China’s Wealth Management Products (WMPs) Lure Investors With Higher Yields [CHARTS]
Wealth management products are perhaps the fastest-growing products offered by financial institutions in China today. Retail investors seeking higher returns than interests paid on traditional savings accounts are pouring into WMPs, which are the least transparent of savings products and are ones that can expose investors and the banks that issue them to ill-defined risks.
“Legally they [WMPs] are not deposits. They are investment products that are managed ‘off-balance-sheet’ by banks, and there is little transparency about where the funds are going,” said Stephen Green, head of Greater China research at Standard Chartered in Hong Kong, in a note.
According to Green, the funds from different WMP products are often mixed and deployed to finance a broad pool of assets that more often than not fall into the sectors of the economy that regulators have attempted to fence off from normal bank lending (real estate, local government infrastructure, etc.), partly because these sectors are deemed to be particularly risky. In addition, the banks hold neither reserves of WMP deposits nor capital against the assets.

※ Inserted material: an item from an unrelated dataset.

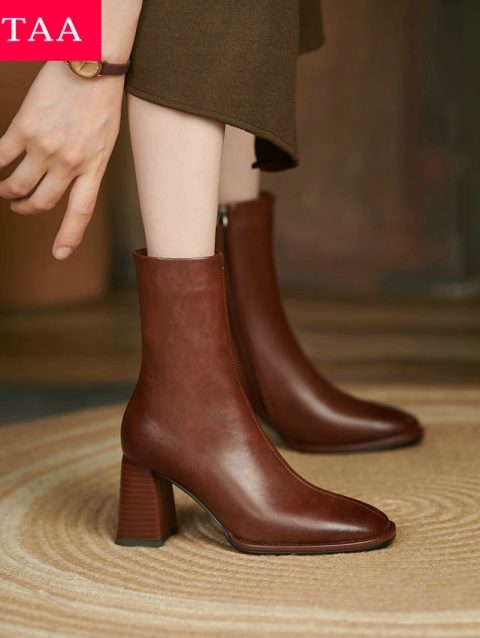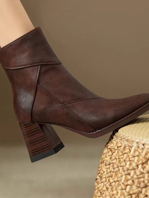 Pointed Toe Women Ankle Boots Fashion Elegant Soft Leather Shoes Thick Heel Women’s Modern Short Booties

The yields offered on these WMPs usually stand at around 5.5 percent, compared to about 3.3 percent for a traditional one-year deposit.
Newly issued WMPs with 5 percent per annum “promised” returns reached a record high over the past five weeks, according to David Cui, head of China Equity Strategy at Bank of America Merrill Lynch.
Over the past five weeks, 83 percent of WMPs sold have an expected return of 5 percent to 8 percent, compared to an average of 32 percent in 2013 and an average of 46 percent since May end.
Xiao Gang, chairman of Bank of China (SHA:601988), one of the top four state-owned banks, said in an October 2012 op-ed published in the English-language China Daily that many assets underlying the WMPs were dependent on real estate or long-term infrastructure projects that might find it impossible to generate sufficient cash flow to meet repayment obligations on short-term WMPs.
To avoid a crisis, banks issue new WMPs to repay existing subscribers, creating a “Ponzi scheme,” Xiao said.
Outstanding WMPs in banks totaled 9.08 trillion yuan ($1.64 trillion) at the end of September 2013, according to the China Banking Regulatory Commission. Green expects this number to go up to 11 trillion yuan at year-end 2013.